In der Nacht zum 18.4. warfen unbekannte Täter an den Kundenzentren der Hamburgischen Electricitäts-Werke in den Stadtteilen Eimsbüttel und Altona mehrere Scheiben ein. In Eimsbüttel verschütteten sie anschließend noch Buttersäure und hinterließen ein Paket mit Flugblättern "Stoppt Castor". Die Fraktionsvorsitzende der Grünen im schleswig-holsteinischen Landtag, Irene Fröhlich, billigte in einem Rundfunkinterview diese sowie andere Anschläge von Kernkraftgegnern als Ausdruck "zivilen Ungehorsams". Als sich daraufhin sogar Parteifreunde von ihr distanzierten, erklärte sie, das Interview habe ihre Ansicht "unzutreffend und verkürzt" wiedergegeben (DPA, 18.4.; Hamburger Abendblatt, 19.4.).

"Leute, die Gesetze brechen, sind nun einmal Kriminelle"

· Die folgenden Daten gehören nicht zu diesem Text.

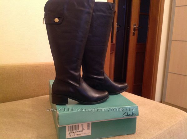 Шикарные сапоги Clarks размер указан 3, тоесть 35,5. По стельке намерила 23,5 см (но на с выпуклостями, с подушечками для комфортного длительного ношения. Лучше сядут на ногу 22.5-23 см. Изготовлены из мягчайшей кожи по типу перчаточной. Внутри кожа тоже, стелька кожанная дышащая, колодка удобная. Высота сапога 41 см, каблук 4 см. Голенище вверху не узкое, широкое, но в этом весь их стиль. В самом широком месте обхват 40 см. Покупала себе на официальном сайте в приступе шопоголизма, пока лишние, таких же парочка есть)))Другие объявления продавца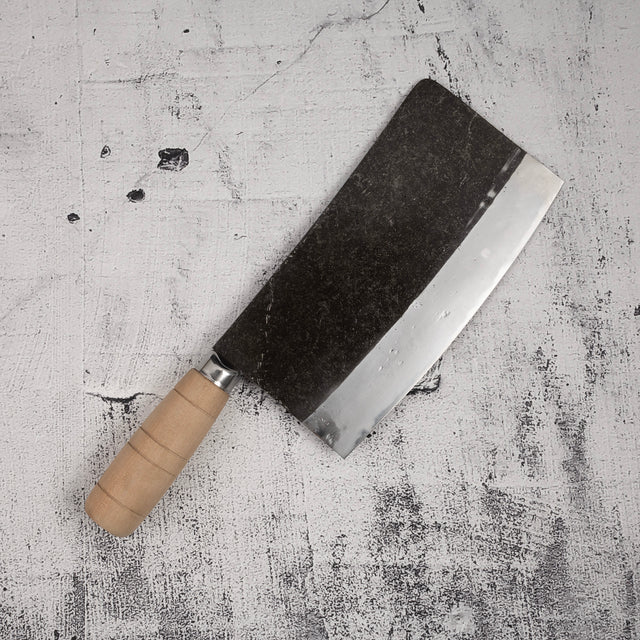 中式菜刀在市場上相當罕見,因為它對中國以外的大多數用戶來說並不熟悉。很多人可能聽說過這是中國廚師唯一使用的刀型,而且它非常適合切菜和把菜舀進鍋裡,我可以證實這兩點都是真的。我們面臨的問題是,由於需求低迷,很少有製造商願意開發一款鍛造精良且核心鋼材與之匹配的產品。即使是以製造優質中式菜刀而聞名的杉本(Sugimoto)品牌,他們的中式菜刀也是用扁鋼製成的,沒有任何鍛造痕跡。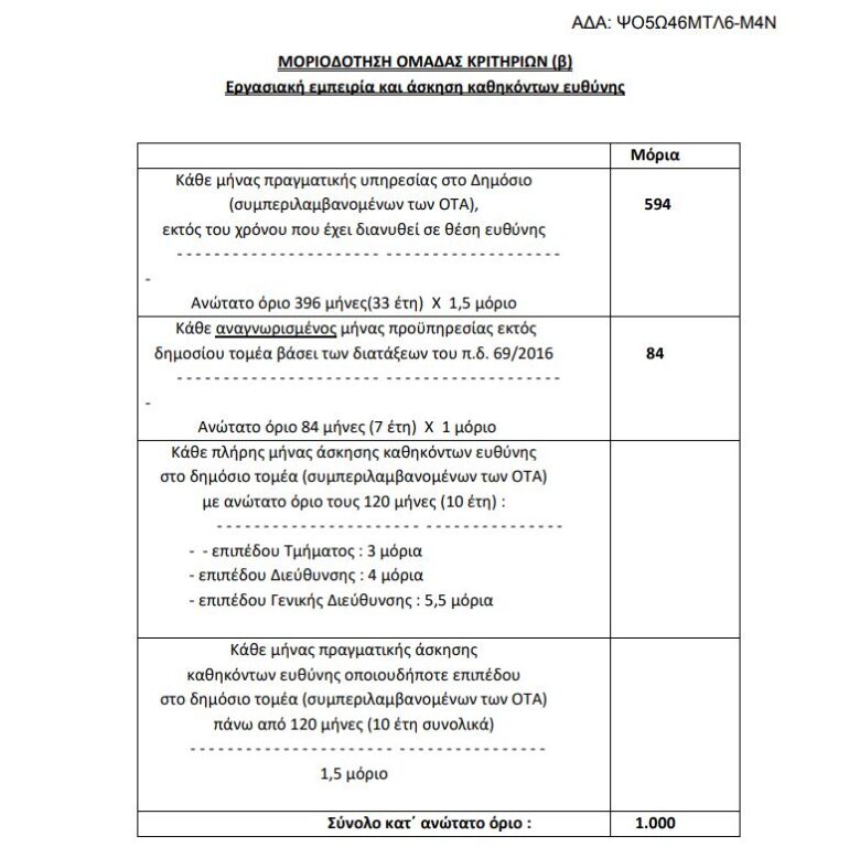 - Σε περίπτωση που στο πρόσωπο του υποψηφίου συντρέχουν όλες οι περιπτώσεις άσκησης καθηκόντων ευθύνης στο δημόσιο τομέα (συμπεριλαμβανομένων των ΟΤΑ), λαμβάνονται καταρχάς υπόψη τα μόρια άσκησης καθηκόντων ευθύνης επιπέδου Γενικής Διεύθυνσης, ακολούθως τα μόρια άσκησης καθηκόντων ευθύνης επιπέδου Διεύθυνσης και τέλος τα μόρια άσκησης καθηκόντων ευθύνης επιπέδου Τμήματος, μέχρι τη συμπλήρωση του ανώτατου αριθμού των 120 μηνών.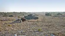 The Tofta firing range (also known as the Tofta Tank firing range), is a military training ground which is located 8 km (5.0 mi) south of Visby. Another less common name for the range is the Toftasjön firing range. Tracing its origins back to 1898, as of 2008 the range extended over 2,700 acres (11 km2). It was a major training and storage facility for the Gotland garrison during its existence, and was still occasionally used for training by various elements of the Armed Forces since the garrison was shut down in 2005. However, from the second half of 2014 onwards, there has been a marked increase in the use of the range, especially by armoured units (mostly company sized),[17] as tensions in Northeastern Europe have escalated. At least one of the buildings on the range, the former tank repair shop, is currently owned by a private company (Peab), with the military renting back the top floor for its own use.[18]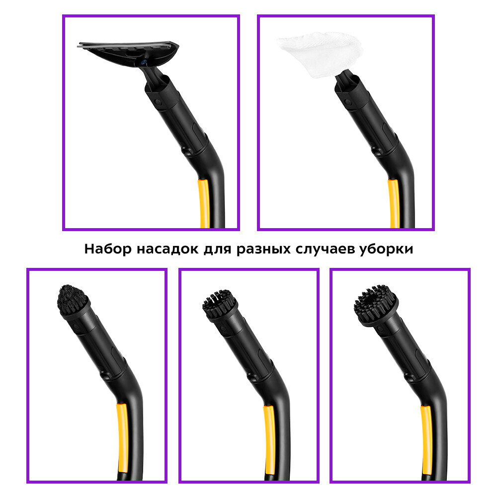 Пароочиститель КТ-9158-1 – многофункциональный аппарат, способный заменить паровую швабру, дезинфектор, стеклоочиститель и отпариватель для тканей.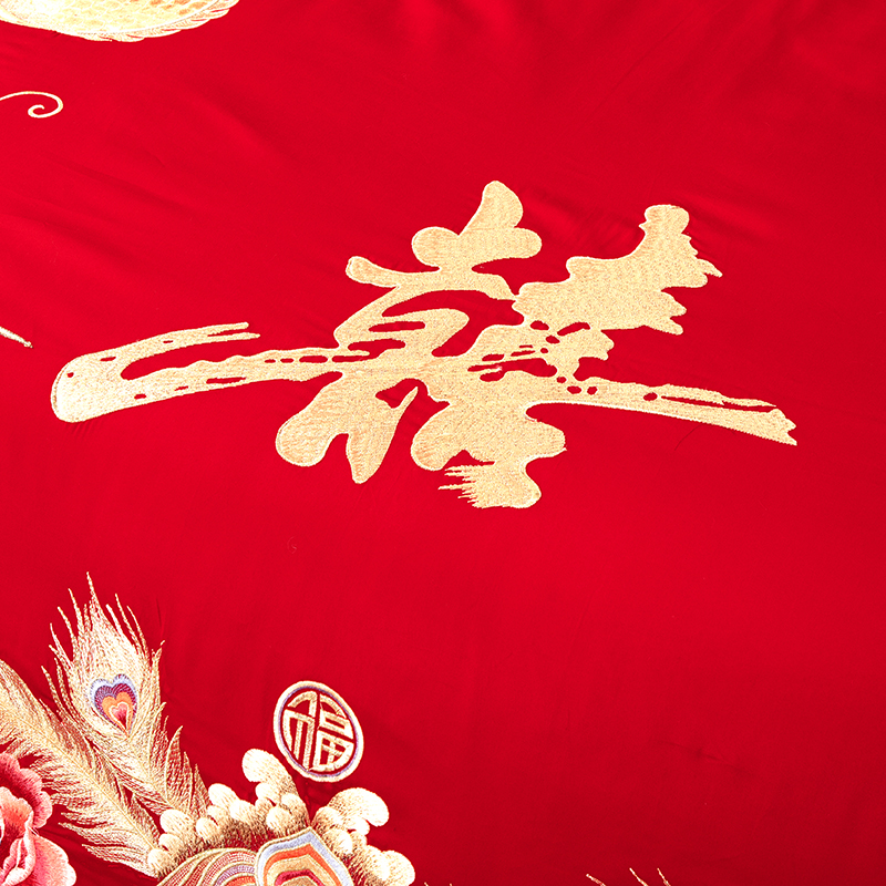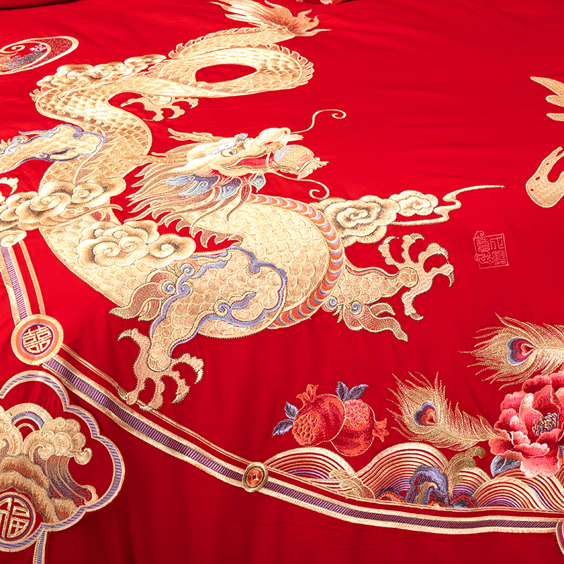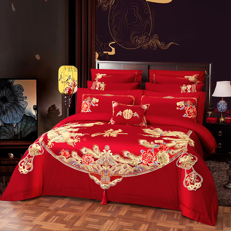 Wedding forty or sixty-piece set of 120 long-staple cotton big red dragon and phoenix quilt embroidered new house cotton wedding full set

Die tageszeitung (20.4.) veröffentlichte zu den Anschlägen der Kernkraftgegner einen Kommentar, in dem Sibylle Tönnies, Professorin an der Fachhochschule Bremen, einerseits gewisse Sympathien für die Täter bekundete, andererseits aber doch klarstellte, daß diese im gesetzlichen Sinne Kriminelle sind: "Natürlich tut es den Atomkraftgegnern weh, wenn ihre Aktivisten im Wendland als Gesetzesbrecher und Kriminelle bezeichnet werden. Aber sie müssen hinnehmen, daß beide Bezeichnungen zutreffend sind. Es handelt sich um Sachbeschädigung und Transportgefährdung, wenn Schienen durchsägt und Schwellen verbrannt werden — um Gesetzesbruch also, like it or not. Und Leute, die Gesetze brechen, sind nun einmal Kriminelle."